TVAS = transfer value analysis software. Zurich will not provide this. It is software that is paid for and used by IFAs to compare plans. With personal pensions you dont technically need to do one but you can compare illustrations. The only benefit of using TVAS on personal pensions is that you can compare on the same dates.I am an Independent Financial Adviser (IFA). The comments I make are just my opinion and are for discussion purposes only. They are not financial advice and you should not treat them as such. If you feel an area discussed may be relevant to you, then please seek advice from an Independent Financial Adviser local to you.0 -
The old Allied Crowbar contracts featured an arrangement whereby you have to pay charges on contributions up till the maturity of the contract, even if you leave. That's what the transfer penalty is - the charges you would have paid if you stayed.
You've already stopped the rot by switching new money elsewhere, how far are you off from the time you can take benefits from the Crowbar pension without penalty? If you transfer and reinvest, how long will it take you to recover the penalty?Trying to keep it simple...0 -
Thanks DunstonH & EdInvestor for your replies - much appreciated. I'm 43 at the moment and chose way back in 1991 a retirement age of 55 with the PPP. So 12 years if I leave it where it is. I stopped contributions to this plan in 2005.

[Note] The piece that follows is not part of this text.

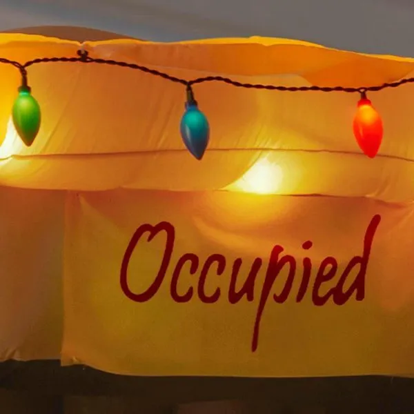 Add festive humor to your holiday display with this inflatable airblown Santa. This funny character is seen coming out of the outhouse for a unique touch. From the colorful string lights along the top to the toilet paper roll on the side, this scene is hilariously perfect down to the last detail. Internal LED lights produce a magical, eye-catching glow at night. It self inflates in moments. Simply plug in, stake down and watch the holiday cheer unfold before your eyes. This inflatable is made of iron, polyester and plastic to ensure season-long enjoyment.

DunstonH, wasnt sure what you meant by "going into a SIPP you are not only facing a transfer charge but also higher annual management charges". Are you saying that any SIPP is more expensive fee wise and management wise than insurance companies? I know there would be initial fees for purchase of certain securities, bonds etc within a SIPP but I thought this setup was to save on longer term management costs? You mention “The most common reason for transfers is lower cost. Modern contracts are usually much cheaper than legacy contracts. Not always the case (about 80% of the time its cheaper roughly).” So I’m a bit confused. I also see you also mention that “My experience of AD pensions is that they are either very expensive or damned cheap depending on what version you have”. How can I tell where mine falls?

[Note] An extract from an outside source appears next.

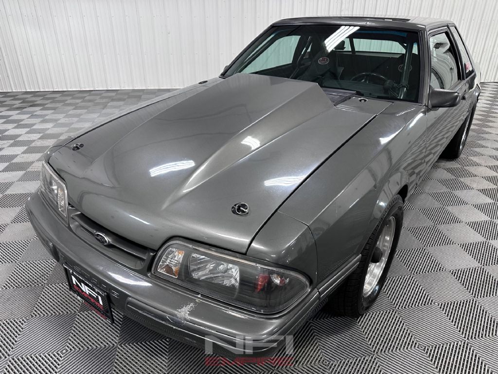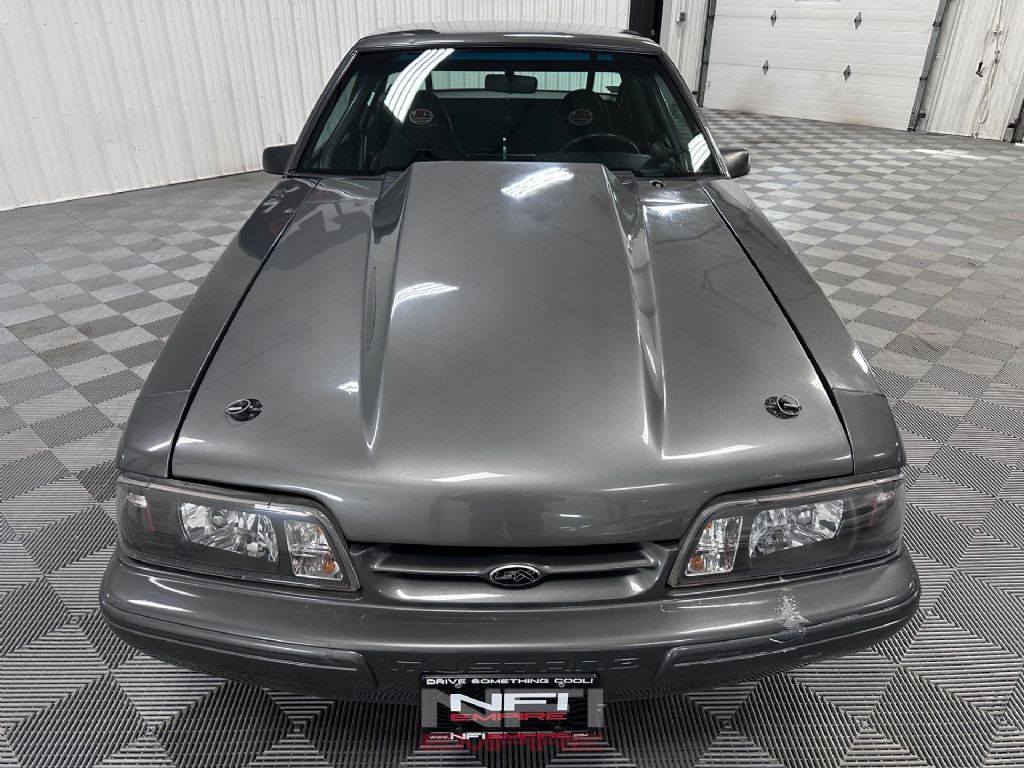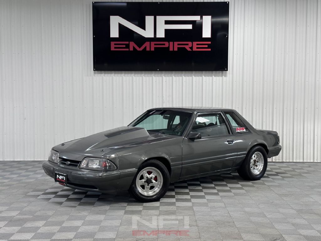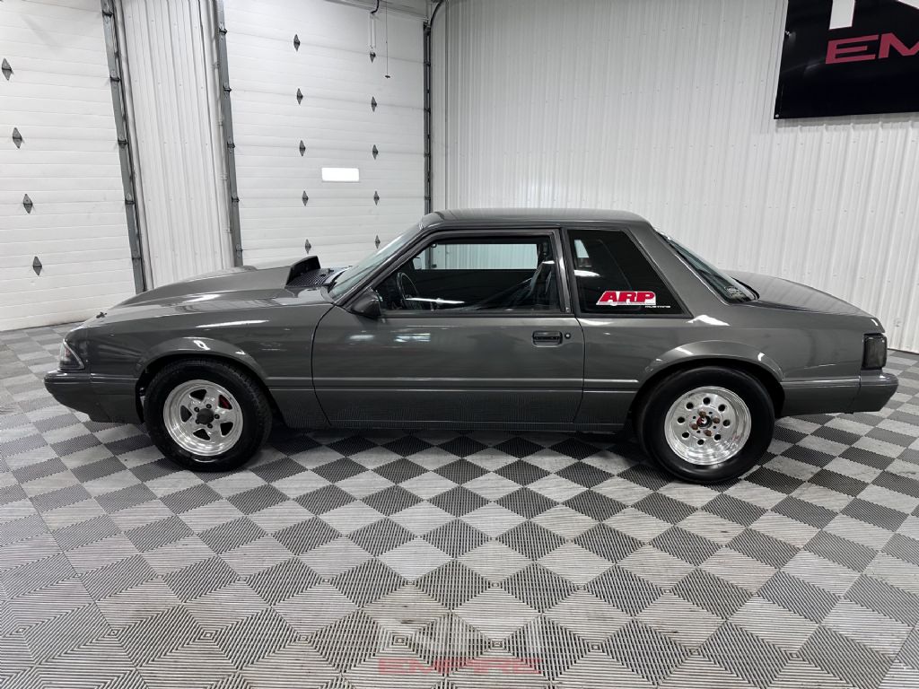 Inside, this Mustang continues the race-focused theme with a caged interior, Jaz Products bucket seats, and Simpson racing harnesses. The factory cluster has been supplemented with Equus gauges for tach, oil pressure, boost, and water temperature, giving the driver added monitoring of the engine's key vitals. Altogether, this Fox-body is a purpose-built, heavily modified Mustang with the right mix of power, supporting hardware, and stripped-down function for someone looking for a street/strip-style build.

EdInvestor, your comment about the "transfer penalty is - the charges you would have paid if you stayed" is exactly what their Customer Options Team described to me how this worked but I'm pretty sure this was not described at the outset of the when I signed up for this. I had a quick look at my original contract last night and yes it gives transfer exit values within the first 5 years of operation but it looked like from amounts I was paying in, the exit values diminished entirely in years 4 or 5. Nothing was explained what happened beyond this and I can’t recollect seeing this in the original contract but I’ll recheck these tonight. The calculations at the time were based on a return of 10.5% pa. From the outset it appears as though there were heavy up front costs in the first 3 years at least, ongoing management fees, and this exit fee to cap it all (oh and charges on indexation charges). I’ve also been advised by Zurich in the last couple of years that after 17 years of being contracted out of SERPS perhaps it isn’t now in my best interest to continue this way!! Suits you sir and to me scandalous hence the reason the pensions area is a bit emotive with me.
My main point about all this is what is different to the type of exit charging going on here than the types of charging now being pursued with the likes of mortgage exit charges, bank charging etc. They’re all punitive.
Do either of you 'think' that Zurich is better placed than any other insurance company? Should I just leave it and hope legislation changes further before I retire? Sorry know you cant really answer this.
You may think I'm complaining about charging generally and to make it clear I'm not. I don't have a problem paying ongoing management charges however exorbitant they might be for mediocre performance (probably being unfair but can anyone tell me if Zurich is any better than any other provider?? Is there a league table??). At least I know where I stand with these. I do, however, have issues with transfer penalties.
So am I making a mountain out of a molehill? Should I just accept the charge and move on (is there anything to convince me to stay?), going to the FOS sounds like a non-starter or do I accept the charge and go for a small claims (severe for the amount involved or is it a principle?)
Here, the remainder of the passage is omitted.